山中「ブライダル列車は4両編成で、C56形44号機を使うと補機(補助の電気機関車)が必要なのですが、往路は最後尾が展望車のため、後ろに補機を付けるわけにはいかないのです。また、SLと客車の間に補機を連結すると蒸気を客車に送ることができず、暖房が使えなくなってしまいます。そこで日本旅行の提案として、往路は補機なしで5両まで牽引できるC11形190号機、復路は(最後尾に補機を連結して)C56形44号機としました。このような面倒な運用を引き受け、本来費用が発生する電気機関車の回送費用を、新郎新婦のC56への思い入れに免じて無料にしてくれた、大井川鐵道さんには本当に感謝しております」
なるほど、そういうことだったとは。往復ともC56の牽引にはできない事情があることから、往復で違う機関車の牽引になったのだ。やっと理解できた。
大井川鐵道の山本さんにも今回の運用について伺ってみた。
――大井川鐵道はなかなか大変な運用をしないとならなかったわけですね。その辺は大丈夫だったんでしょうか?

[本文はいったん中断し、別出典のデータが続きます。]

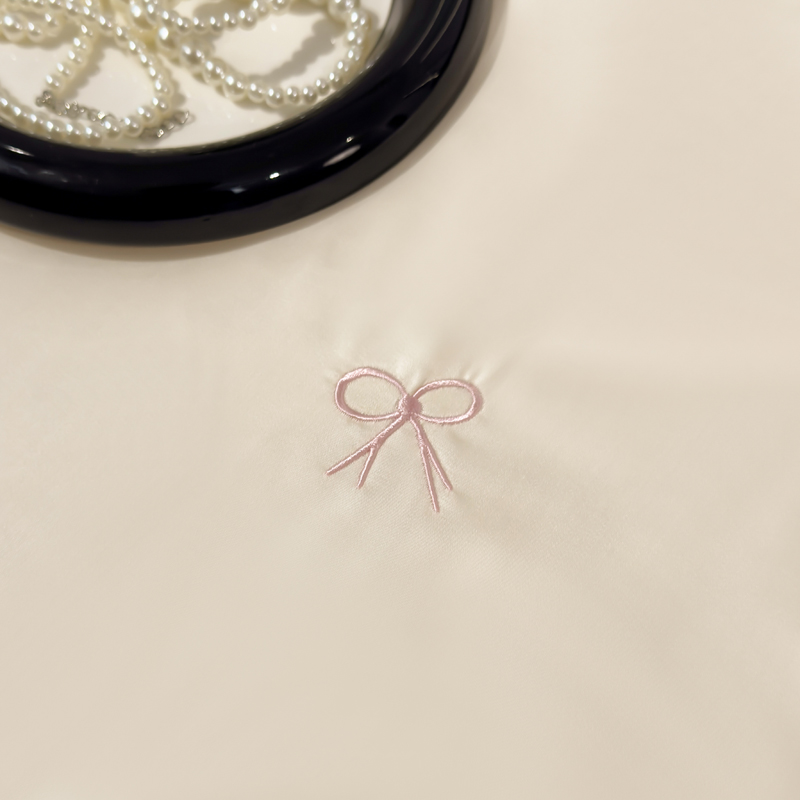 商品名称:2025新款清凉舒适水洗冰丝刺绣夏被四件套 蝴蝶结-奶白粉
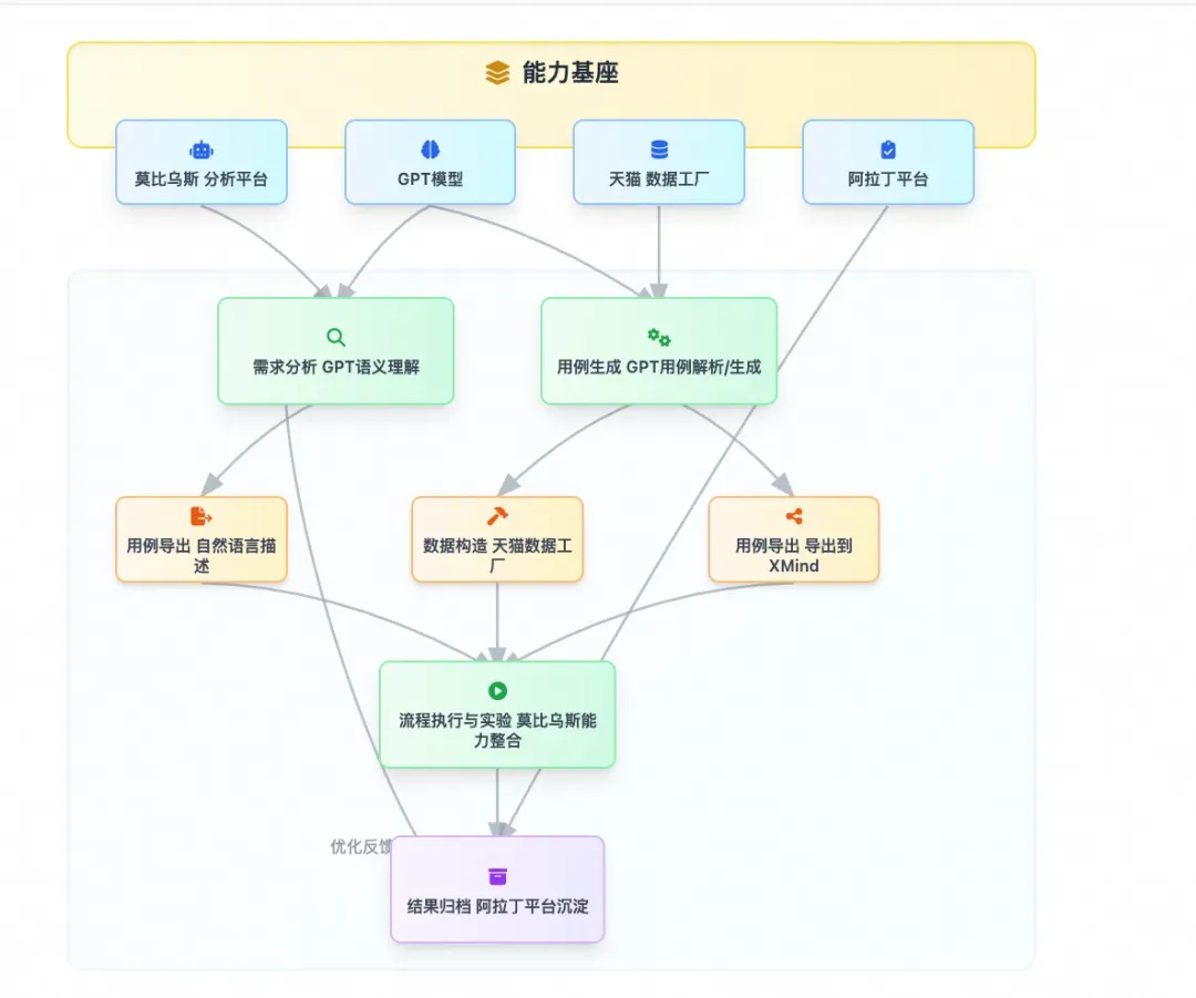 3. 智能流程融合与持续优化:在AI辅助流程半自动化过程中我们发现AI虽然深入参与了需求测试的全流程,但是用例资产无法沉淀、测试数据无法构造等问题限制了后续能力的拓展,所以在第三阶段我们通过多个工程系统对接(用例管理平台、测试数据构造平台、知识库沉淀)实现了真正的数据变为资产、AI全流程驱动的工程化模式

山本「お客様のご要望はなるべく叶えたいですね。ブライダルトレインに乗ったことで今まで鉄道を利用されなかった方がこれからのお客様になってくれるかもしれない。『人にやさしい』が会社のモットーでもあるんです」
――ブライダルトレインの企画について、最初に提案を受けた時はどう思いましたか?
山本「最初は無茶だと思いました。イベント会社ではないので、そこまでのイベントには慣れていないですし。でもこの企画は、事務的なことは日本旅行さんがやってくれますし、うちには客車や物販部門、お弁当部門など揃っているので、できないことはない。それで『やってみよう』ということになりました。会社の体質として『無理』とすぐ決めつけない柔軟性があると思います」
沿線から祝福される結婚式
関わっている人々全てが、相手の喜ぶ顔を考えてこの日を作りあげている。強くそう感じた。最近の観光列車でも、沿線の方々が手を振ったり温かい対応をしてくれたりする所も多いが、ブライダルとなるとまた格別だ。これだけ周りから祝福される結婚式は、本当の一生の思い出になるだろう。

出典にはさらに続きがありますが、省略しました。